The -z nodefs option allows undefined symbols. For historic
reasons, this mode is the default when a shared object is built.
When used with executables, the behavior of references to such
undefined symbols is unspecified. Use of the -z nodefs option is
not recommended.

-z direct | -z nodirect
Enables or disables direct binding to any dependencies that
follow on the command line. These options allow finer control
over direct binding than the global counterpart -B direct. The
-z direct option also differs from the -B direct option in the
following areas. Direct binding information is not established
between a symbol reference and an associated definition within
the object being created. Lazy loading is not enabled.

-z endfiltee
Marks a filtee so that when processed by a filter, the filtee
terminates any further filtee searches by the filter. See
Reducing Filtee Searches in Linker and Libraries Guide.

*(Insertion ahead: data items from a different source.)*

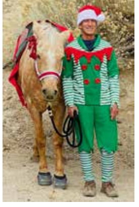
Among the holiday festivities in PMC were the annual tree lighting and craft fair, Breakfast with Santa and Christmas in the Village/Parade.
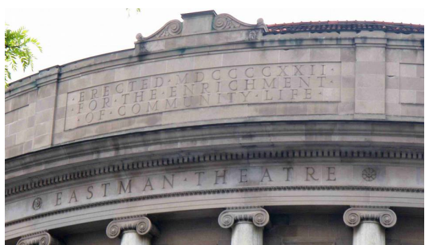
Question 52: "What is the Roman numeral high up on the NW side of the building?"
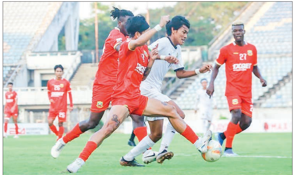
Dagon Star United and Shan United in action at the Thuwunna Youth Training Centre.

SHAN United and Dagon Star United battled to a goalless draw yesterday at Thuwunna Youth Training Centre in Yangon on Fixture 18 of the 2024-2025 Myanmar National League season.
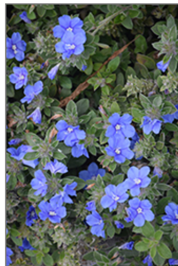
Blue My Mind Morning Glory flowers

Blue My Mind Morning Glory is recommended for the following landscape applications;
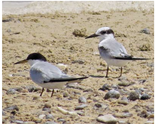
122 Saunders's Tern / Saunders' Dwergstern Sternula saundersi , Ras Sudr, South Sinai Governorate, Egypt, 22 June 2014 ( Mohamed I Habib ). Newly hatched young. 123 Saunders's Tern / Saunders' Dwergstern Sternula saundersi , Ras Sudr, South Sinai Governorate, Egypt, 5 July 2014 ( Mohamed I Habib ). Three week old juvenile. 124 Saunders's Terns / Saunders' Dwergsterns Sternula saundersi , Ras Sudr, South Sinai Governorate, Egypt, 6 July 2014 ( Mohamed I Habib ). Parent (front) with c three week old juvenile. 125 Saunders's Terns / Saunders' Dwergsterns Sternula saundersi , Ras Sudr, South Sinai Governorate, Egypt, 23 August 2014 ( Mohamed I Habib ). Parent (left) with five week old juvenile.

In 2015, on 11 June (11:00), only three pairs were found; one pair was displaying with small fish and one pair attended a nest with two eggs. On 26 June (07:30), c 35 adults were found, as well as one fledgling and four nests. Finally, on 8 August (11:30), at least c 140 and possibly more than c 60 adults and fledglings were counted, including c 50 fledglings, the highest count to date at Ras Sudr.
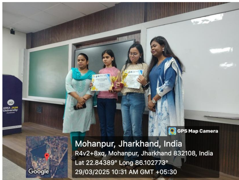
Fig 3: Winner & Runner-up of the Event
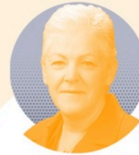
GINA McCARTHY White House Climate Czar

This is a new cabinet role that will focus on international cooperation to address climate change.
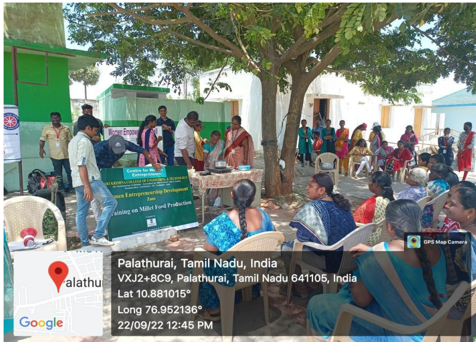
Training on millet food production at Palathurai village – Healthy living on 22.09.2022
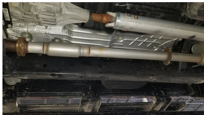
Detail 3: OEM mid section
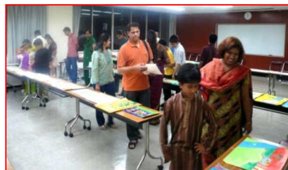
Displays our drawing in the 3 rd Ajantha – The Drawing Competition was held on 26 September 2009 at Japan
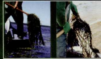
Harvesting Ascophyllum Nodosum in the Bay of Fundy

Country Club MD contains both Sea Plant Kelp Meal and Humic Acid which helps the turf grass plant achieve optimum performance by helping it prepare for the onset of stressful conditions. Turf treated with Sea Plant Kelp Meal and Humic Acid will outperform untreated turf in overall quality and playability during stressful conditions.
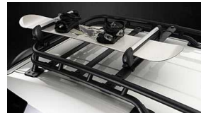
Ski/Snowboard Attachment w/ Adaptor $224 Parts Only MSRP**
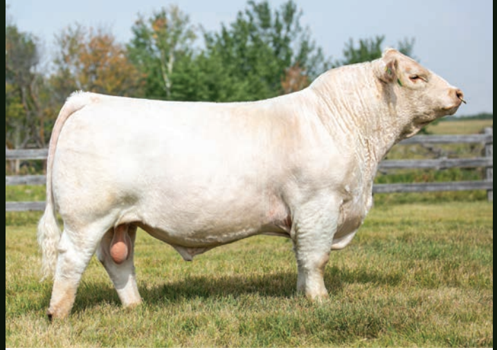
SOS Kickstart PLD 825K

-z fatal-warnings | -z nofatal-warnings
--fatal-warnings | --no-fatal-warnings
Controls the behavior of warnings emitted from the link-editor.
Setting -z fatal-warnings promotes warnings emitted by the link-
editor to fatal errors that will cause the link-editor to fail
before linking. -z nofatal-warnings instead demotes these
warnings such that they will not cause the link-editor to exit
prematurely.

-z finiarray=function
Appends an entry to the .fini_array section of the object being
built. If no .fini_array section is present, a section is
created. The new entry is initialized to point to function. See
Initialization and Termination Sections in Linker and Libraries
Guide.

-z globalaudit
This option supplements an audit library definition that has been
recorded with the -P option. This option is only meaningful when
building a dynamic executable. Audit libraries that are defined
within an object with the -P option typically allow for the
auditing of the immediate dependencies of the object. The -z
globalaudit promotes the auditor to a global auditor, thus
allowing the auditing of all dependencies. See Invoking the
Auditing Interface in Linker and Libraries Guide.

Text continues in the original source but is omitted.